More than any of their peers, The New Duncan Imperials love rock enough to know how truly silly it is. Their history is written in smoke, noise, and nonsense, and it is an inspiring example of what three young men can do with a few stolen riffs, a few dubious ideas, and a few heads of brocolli.

As the three main members of the seminal 1980's Chicago band The Service, Pigtail (guitar, vocals), Skipper (bass, vocals), and Goodtime (drums, no vocals) toured the country performing raw, heartfelt music for tiny crowds in tiny bars for almost a decade. The experience was priceless, but after ten years the rewards were diminishing. What to do?

The solution, as it turned out, was to not care. One day they simply chucked it all over the side and began again. The Service was disbanded, and the three core members began a new group with a new mindset: "It Don't Matter." They returned to the their roots, which turned out to be tangled up in the absurdity of their shared 1970's adolescence. Somewhere between velour shirts, Ted Nugent, and a warm Old Style tall-boy, they found their true calling.

Playing "anywhere, any time, for any amount of money," the band began popping up at dive bars and backyard parties. Word of mouth gave them a cult following within months, and within a year they were playing Chicago's best clubs, every performance a packed, sweaty affair with fanatics jammed against the stage, singing every word to every song. Among the highlights of the early days was a sold-out concert at Cabaret Metro, which also provided footage for their first video.

But there were plenty of popular bands, and many of them were nearly as entertaining as NDI. What set these white trash heroes apart was their joyous approach to self-promotion. They soaked the labels off peanut butter jars and created—and sold--their own brand; mailed thrift-store TV's with a band photo taped to the screen to local DJ's and club owners; starred in a series of their own comic books, baseball cards, and calendars; took hundreds of fans on a Lake Michigan booze cruise for five years running; performed live on Danny Bonaducci's drive-time radio show on the Loop; and hired opening acts that included exotic animal shows, nationally famous jugglers, inept local magicians, and mariachi bands. And this is just a partial list. NDI never rested, never settled for a plain old rock show, never took one fan for granted. Their reward was a core of fanatic followers that followed them to shows hundreds of miles away, started NDI cover bands, planned weddings--and one funeral--around gigs, and named their pets (and at least one child) after them.

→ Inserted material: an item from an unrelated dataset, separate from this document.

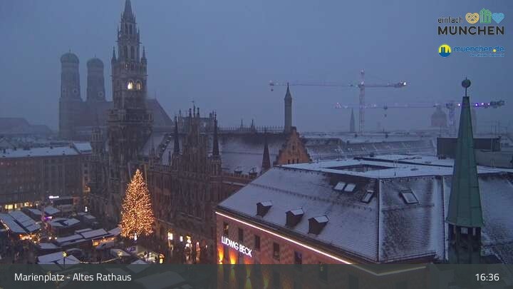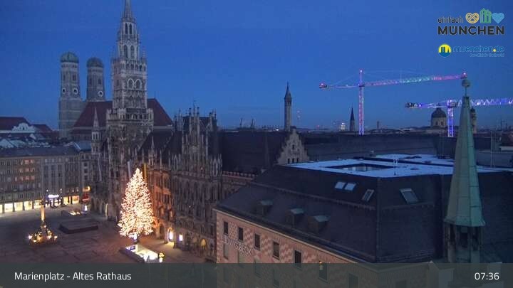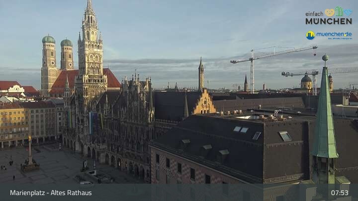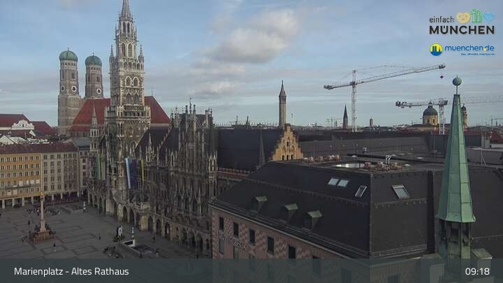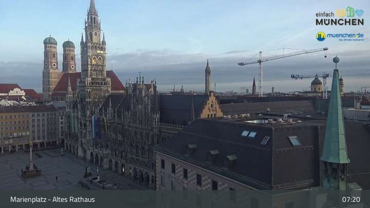 Die Webcam blickt vom Alten Rathaus auf den Marienplatz, der zentrale Platz der Münchener Innenstadt.

NDI also took their show on the road, wiping the floor with audiences from Saskatoon to New York City, where they were regulars at CBGB's. A show at the legendary Tipitina's in New Orleans resulted in a permanent ban from the club (a marshmallow fight ruined the carpeting), and an appearance at an outdoor festival in Finland with an oblivious Jimmy Cliff coincided with the band releasing a single sung in Finnish and extolling the joy of vodka and stadium sausages.

In Winnipeg, their fame was such that they were asked to make a special appearance on the 10 o'clock news. There were also countless radio interviews, usually full of half-truths and often quite bizarre, and almost as many frantic in-store acoustic performances.

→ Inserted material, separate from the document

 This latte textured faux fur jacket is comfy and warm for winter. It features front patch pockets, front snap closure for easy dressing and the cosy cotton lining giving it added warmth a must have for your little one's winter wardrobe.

And then there are the recordings. The debut, the chaotic Hanky Panky Parley Voo,has sold nearly 25,000 copies since its release in 1989. The current discography includes [how many? we can't count that high] releases, from full-length studio efforts to live powerhouses to collections of oddities, commercials, interviews, and accidents. The new album, End of Phase One, is their first in nearly eight years. Bristling with the kind of straight-ahead-yet-twisted songs that characterize their best work, this albumreveals a band that is tough, vital, and still poking rock in the ribs.

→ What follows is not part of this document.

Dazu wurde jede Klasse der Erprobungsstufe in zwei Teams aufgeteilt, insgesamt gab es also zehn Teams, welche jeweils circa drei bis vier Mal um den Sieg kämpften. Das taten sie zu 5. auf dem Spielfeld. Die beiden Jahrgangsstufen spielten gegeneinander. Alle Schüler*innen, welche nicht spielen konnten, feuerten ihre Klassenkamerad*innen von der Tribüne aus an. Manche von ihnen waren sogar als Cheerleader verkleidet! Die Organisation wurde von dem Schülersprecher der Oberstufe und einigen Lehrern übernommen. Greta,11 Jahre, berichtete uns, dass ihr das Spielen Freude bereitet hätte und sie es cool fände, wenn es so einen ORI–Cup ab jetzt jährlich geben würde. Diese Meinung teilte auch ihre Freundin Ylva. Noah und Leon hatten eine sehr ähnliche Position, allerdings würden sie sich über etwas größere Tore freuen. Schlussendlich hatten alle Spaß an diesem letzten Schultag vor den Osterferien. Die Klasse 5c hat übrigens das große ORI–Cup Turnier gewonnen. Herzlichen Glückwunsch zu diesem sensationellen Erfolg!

The endless energy and rabid imagination that the NDI have brought to the concept of being in a rock band has led more than one observer, usually the person introducing them at a benefit concert, to pronounce them "legends." Maybe they are. Rock could use more legends like the New Duncan Imperials, who don't take being a legend too seriously, who realize that entertaining the fans is the only thing that matters, and who stop at nothing to prove to every audience that rock and roll is still the greatest--and the silliest--show on earth.